According to a technical description on Amazon’s site, EC2 gives users the ability to execute their applications in software of their choice, and they can pack into the AMI the operating system, configuration settings, libraries, and other modules. “Think of this as zipping up the contents of your hard drive,” the site states.
For scientists, Gloss said, the cloud can offer new ways of doing bioinformatics. “You open up a couple of computers, put Blast on your machine, GenBank is over here, you point to it on the system, and bingo you can run your Blast search,” he said.

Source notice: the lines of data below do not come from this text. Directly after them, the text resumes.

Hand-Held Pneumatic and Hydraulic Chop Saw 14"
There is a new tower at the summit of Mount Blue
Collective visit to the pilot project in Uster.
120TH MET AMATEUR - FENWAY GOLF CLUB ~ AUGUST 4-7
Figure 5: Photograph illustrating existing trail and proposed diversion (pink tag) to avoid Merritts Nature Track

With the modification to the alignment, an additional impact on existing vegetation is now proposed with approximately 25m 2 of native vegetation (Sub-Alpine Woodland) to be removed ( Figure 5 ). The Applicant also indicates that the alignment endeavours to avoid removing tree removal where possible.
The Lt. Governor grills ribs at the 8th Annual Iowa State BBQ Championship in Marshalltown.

In a statement, Harvard Medical School’s Peter Tonellato said that Public Data Sets on AWS will help him and his colleagues collaborate by sharing commonly used data sets, research environments, and tools.
According to a case study published on the Amazon website, Tonellato wanted to avoid setting up servers writing code for a large-scale study in which his lab used computer simulations to assess the clinical value of new genetic tests in “patient avatars.”

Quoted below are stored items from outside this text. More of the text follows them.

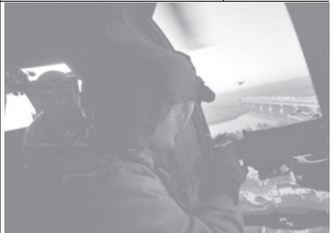
US soldier mans a machinegun in a helicopter flying over one of Baghdad's bridges in Iraq, on 11 Dec, 2005.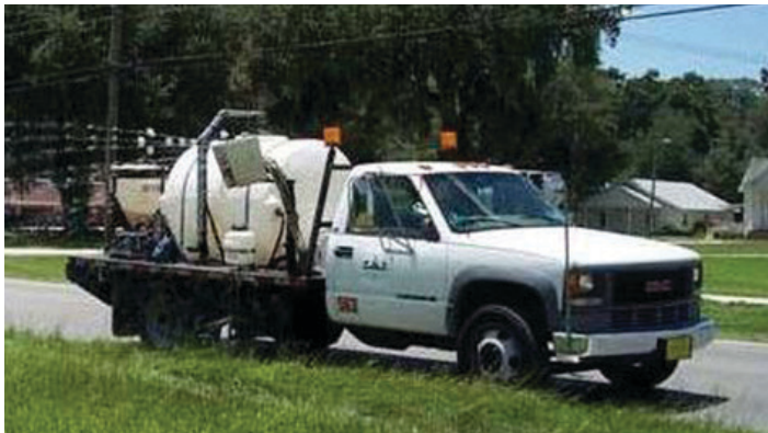
Figure 7. Invert emulsion formulations are useful for drift control along rights-of-way.

An invert emulsion contains a water-soluble pesticide dispersed in an oil carrier. Invert emulsions require a special kind of emulsifier that allows the pesticide to be mixed with a large volume of petroleum-based carrier, usually fuel oil. Invert emulsions aid in reducing drift. With other formulations, some spray drift results when water droplets begin to evaporate before reaching target surfaces; as a result, the droplets become very small and light. Because oil evaporates more slowly than water, invert emulsion droplets shrink less; therefore, more pesticide reaches the target. The oil helps to reduce runoff and improves rain resistance. It also serves as a sticker-spreader by improving surface coverage and absorption. Because droplets are relatively large and heavy, it is difficult to get thorough coverage on the undersides of foliage. Invert emulsions are most commonly used along rights-of-way where drift to susceptible nontarget plants or sensitive areas can be a problem (Figure 7).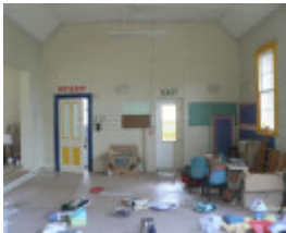
Former Russells Bridge State School, 139 Clyde Hill Road Russells Bridge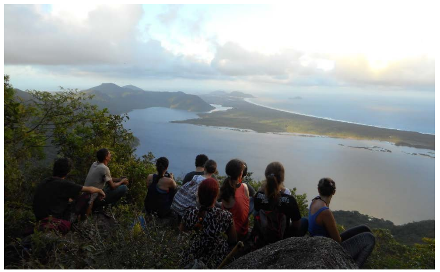
Hoplon | Florianopolis, Brazil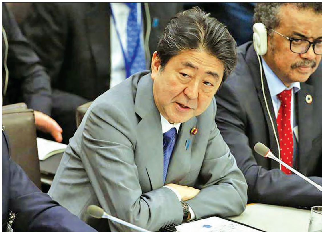
Japanese Prime Minister Shinzo Abe attends the World Leaders for Universal Health Coverage event held at UN headquarters in New York, US on 18 September, 2017.

But with massive government bond purchases by the central bank under its yield curve control policy, the bond market has already lost its price-setting mechanism that should serve as warning against weakening of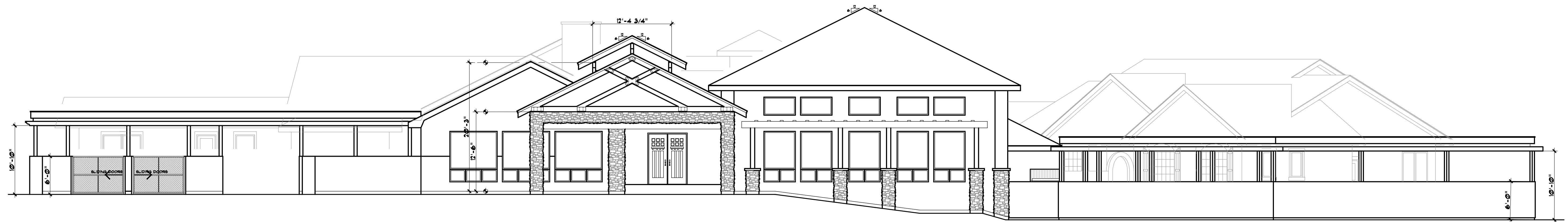
A Proposed Front Elevation A-9 SCALE: 1/8"=1'-0"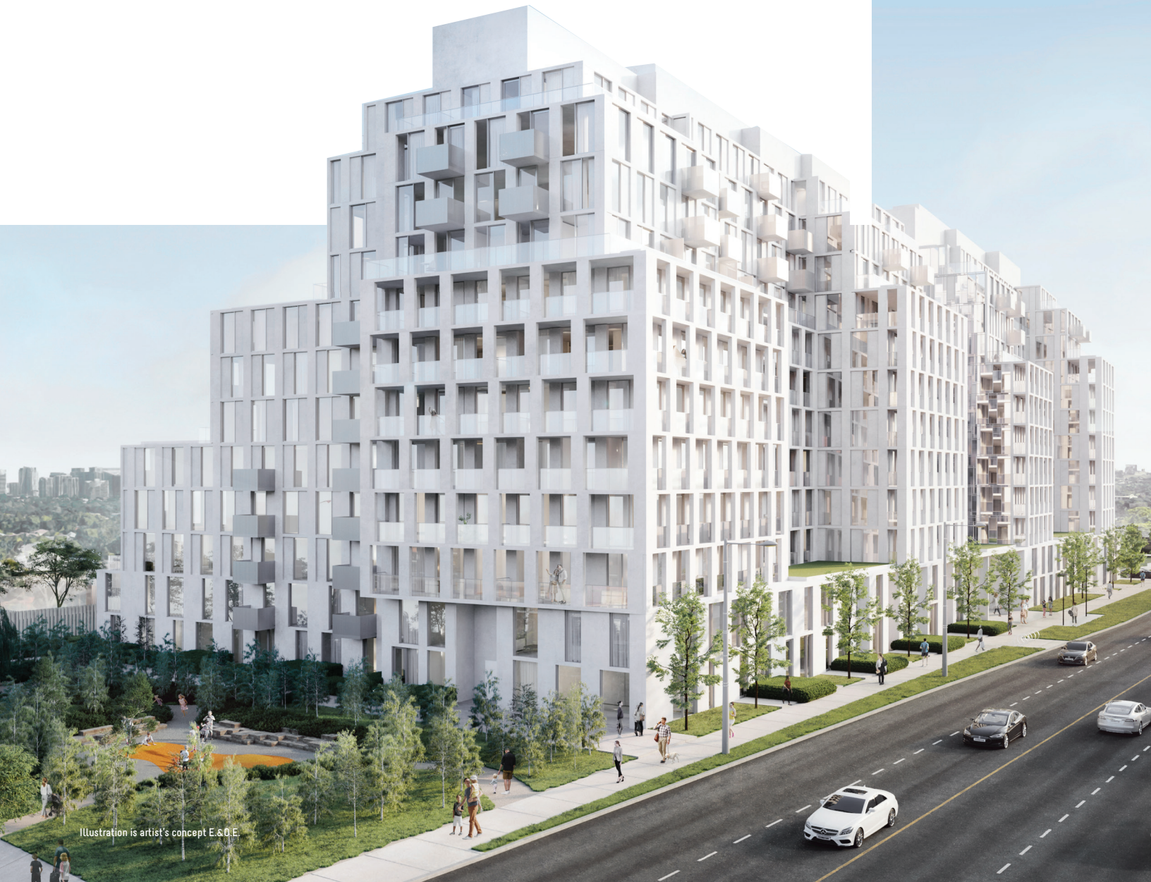
Illustration is artist's concept E.&O.E.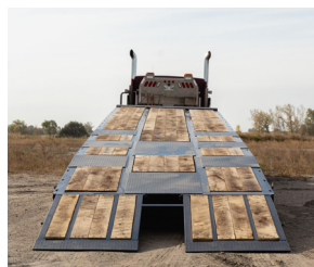
10-degree load angle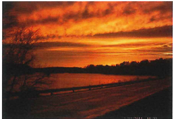
Lake sunset from January 2014.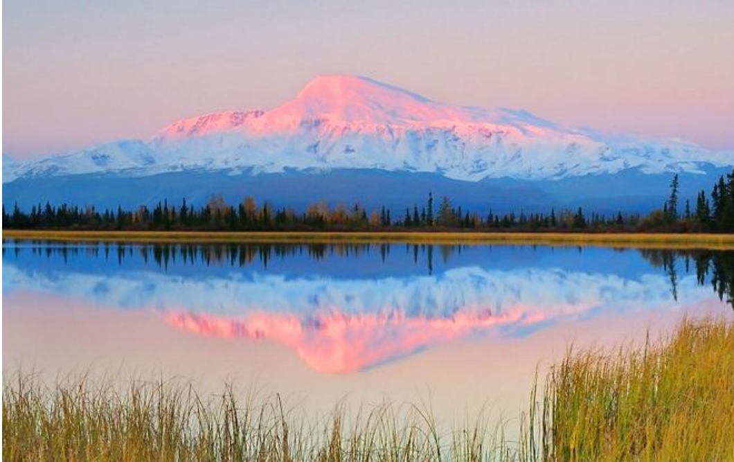
Mt. Sanford sunset (16, 237 ft.)

“I wanted to devise a system where postdoctoral researchers can scope a genetic risk situation, determine the appropriate simulation and analysis to create the avatars, and then quickly build web applications to run the simulations, rather than spend their time troubleshooting computing technology,” he said in the study.
Working with Oracle, Tonellato’s group took 10 days to customize the company’s private Linux AMIs for his data modeling. Two weeks later, according to the case study, the web application was “up and running.”
“We can set up a controlled environment in minutes, run our computational analysis for a couple of hours, and shut down the environment,” Tonellato said. “I only pay for the compute time I use, and more importantly I can spend more time focusing on research, not downloading and setting up computational infrastructure.”
“Ensembl's approach has always been to try and lower the barriers to entry so that researchers using a desktop PC in a lab or a laptop in an airport departure lounge have access to high-quality, up-to-the-minute genetic information that they can use in their work,” Glenn Proctor, Ensembl Software Coordinator at the European BioInformatics Institute, said in a statement.
“Amazon EC2 allows us to go even further and make all our data available in a robust, scalable and flexible form that anyone with an AWS account can use."
Proctor could not be reached for further comment.